Лагарпов умолк, предоставляя дальнейшее фантазии слушателей.

— Что еще скажешь? — спросил молодой человек.

— А зачем? — удивился Лагарпов. — Полагаю, теперь вам понятно, почему я обратил ваше внимание на ваш плевок. Вы должны быть благодарны мне, — скромно сказал Лагарпов. — Ведь в другой раз вы будете осмотрительнее, исходя из моих вышеприведенных рассуждений. Я не настаиваю на этом, я предполагаю. Всего доброго, — откланялся Лагарпов и хотел продолжить путь.

— А знаешь ли ты, — сказал молодой человек, остановив его за руку и улыбаясь уже нехорошо, улыбаясь без улыбки, — знаешь ли ты, козел, на кого ты тянешь?

— Не знаю, — сказал Лагарпов. — И что значит — тянешь?

— Знаешь ли ты, что я с такими козлами делаю? — спросил молодой человек.

— Не знаю, — сказал Лагарпов — без желания, впрочем, узнать.

— Я их убиваю, — сказал молодой человек и убил Лагарпова.

* * *

Первая жена Лагарпова была красавицей.

И вот какая вышла история.

Как в пошлом анекдоте: он уехал в командировку на три дня, а к ней — мужчина.

Но Лагарпов сделал свои дела раньше, вернулся на третий день, звонит, ему не открывают. А ключи он забыл.

Звонит еще.

Наконец открывает красавица-жена с румяным лицом и, обняв Лагарпова, просит его сейчас же сбегать за хлебом, потому что в доме нет хлеба.

— Конечно, — сказал Лагарпов, но выразил желание умыть лицо, потому что оно устало от жары и пыли.

— Господи! — сказала красавица-жена. — Принесешь хлеб и мойся хоть весь, хоть целый час.

— Нет, — сказал Лагарпов, — мне только лицо. Секундное дело. И шагнул к ванной комнате, и хотел открыть дверь, но дверь не открывалась, а красавица-жена что-то тихо сказала.

Лагарпов все понял.

— Мне очень неприятно, — сказал он красавице-жене и тому, кто был в ванной, — что я поставил вас в неловкое положение.
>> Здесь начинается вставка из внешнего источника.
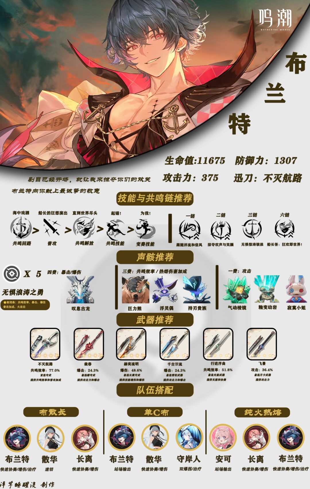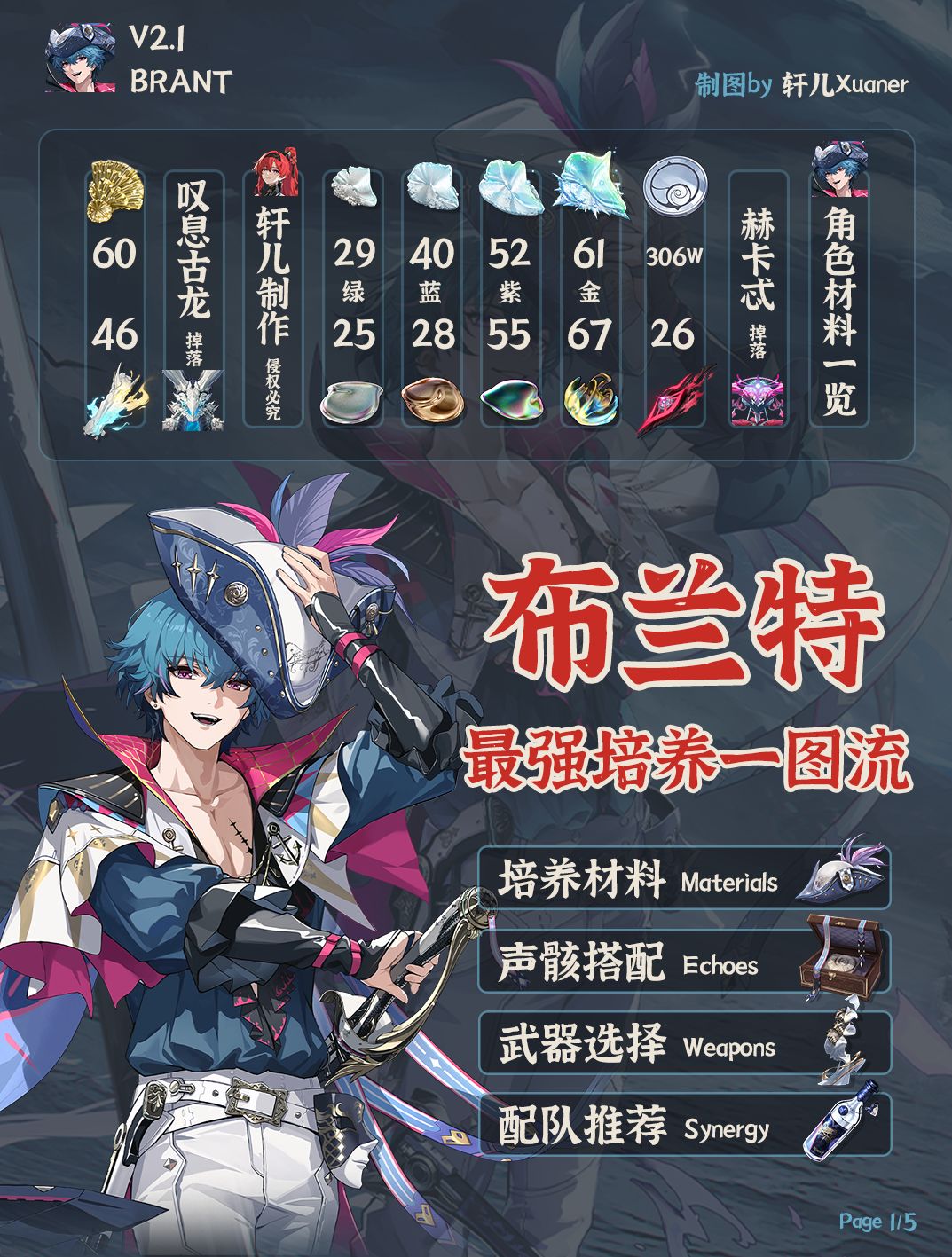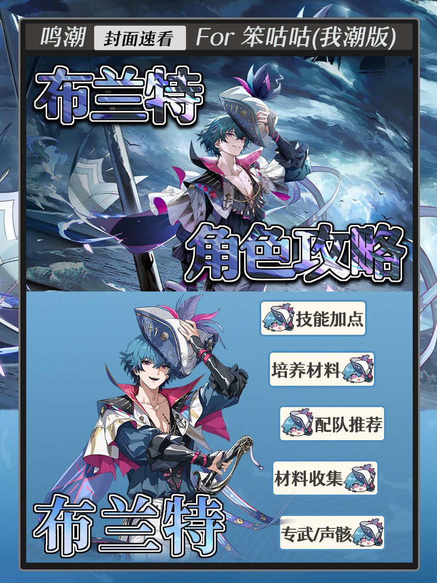 本篇攻略轩儿Xuaner给大家带来鸣潮布兰特的全方位养成思路,刚刚抽到船长的你不要错过哦~ ----------------------------- 本次鸣潮角色养成一图流正式启用新模板,包括以下更新内容: ① 配色采用角色主题色,且背景使用鸣潮末世偏暗色调风格,让大家看攻略的同时能融入鸣潮游戏本身。 ② 增加毕业推荐面板(这里只推荐双爆和效率数值范围,除此之外C为攻击力尽量往高叠)、伤害构成、

Но не усугубляйте же его. Я знаю, что такое любовь, я знаю, что такое страсть. Будьте же смелы и красивы в своей любви и страсти. Вы же прячетесь и скрываетесь, как мелкие жулики.

— Лагарпов! — сказала красавица-жена. — Ты с ума сошел. Какая любовь, какая страсть? Сослуживец мой зашел обсудить одно дело. Ему стало плохо. Я посоветовала ему принять холодный душ. Вот и все. Ты же знаешь, какая жара на улице.

— Я иногда сам страдаю от своей проницательности, — с болью сказал Лагарпов. — Но я не могу не видеть твоих припухших от поцелуев губ, не могу не видеть красного пятнышка, оставленного на твоей шее твоим неосторожным… — он умолк.

— Ты идиот, — сказала красавица-жена. — Я помидоры соленые ела, ты же знаешь, как я люблю соленые помидоры. Съешь пять штук — распухнет у тебя рот или нет? А шея моя покраснела, потому что меня укусил комар и я чесала это место.

Лагарпов потупился.

— Я думал, обойдется без явных указаний на некоторые свидетельства, — и он кивнул на тот вид мужской одежды, что надевается на голое тело первым, а снимается последним. Скомканный, этот вид валялся около двери ванной комнаты.

— Ты идиот, — сказала красавица жена. — Вечно тебе мерещится. Я ж говорю — ему стало плохо, он кинулся в ванну и так торопился, что на ходу раздеваться стал.

Лагарпов помолчал и обратился через дверь.

— Вы затаились там, — сказал он. — Неужели вам не совестно заставлять оправдываться женщину, к которой вы испытываете если не любовь, то страсть, потому что к такой красивой женщине невозможно не испытывать страсть. Неужели вы так мелки, что как трусливый заяц хрустите тайком капустой своего страха и у вас нет смелости гордо и открыто отстаивать свою страсть или любовь?

Тут дверь открылась и вышел мужчина довольно заурядной внешности, бледный.

— Я не заяц, а одевался, — сказал он. — Я раздетым не люблю разговаривать. И нечего тут. Вам жена правду говорит, а вы, как дурак, не верите. Я сослуживец ее, у меня давление высокое, одно спасение — холодный душ.

При этих словах он подобрал тот вид одежды, который надевают первым, а снимают последним, и, не надевая, поскольку уже был одет, сунул в карман.

— Хорошо, — сказал Лагарпов. — Допускаю, что нет ни любви, ни страсти, а был только эпизод. Вам хочется его спрятать, вам хочется его забыть. Вам хочется, чтобы все оставалось, как было. Возможно потому, что моя жена еще не разлюбила меня окончательно. Возможно потому, — обратился он к мужчине, — что у вас семья, двое детей и тому подобное. Но почему бы не сказать, что это именно эпизод, неужели вы принимаете меня за человека, убогого умом, не способного понять это? Или вы просто стыдитесь происшедшего? То есть это даже не эпизод, а всего лишь физиологическая случайность?

— Сам ты физиологическая случайность, — осмелел вдруг мужчина. И сказал красавице-жене Лагарпова:

— Как ты с ним, с таким, живешь?

— А это тебя не касается, — сердито ответила она.

— Ну, значит, дура, — дал ей характеристику мужчина и повернулся коренастой спиной, чтобы уйти из дома.

Однако Лагарпов остановил его и потребовал извиниться перед своей красавицей женой.

— Буду я перед всякой (он выругался) извиняться! — грубо сказал мужчина.

— Хам! — сказал Лагарпов и дал ему пощечину.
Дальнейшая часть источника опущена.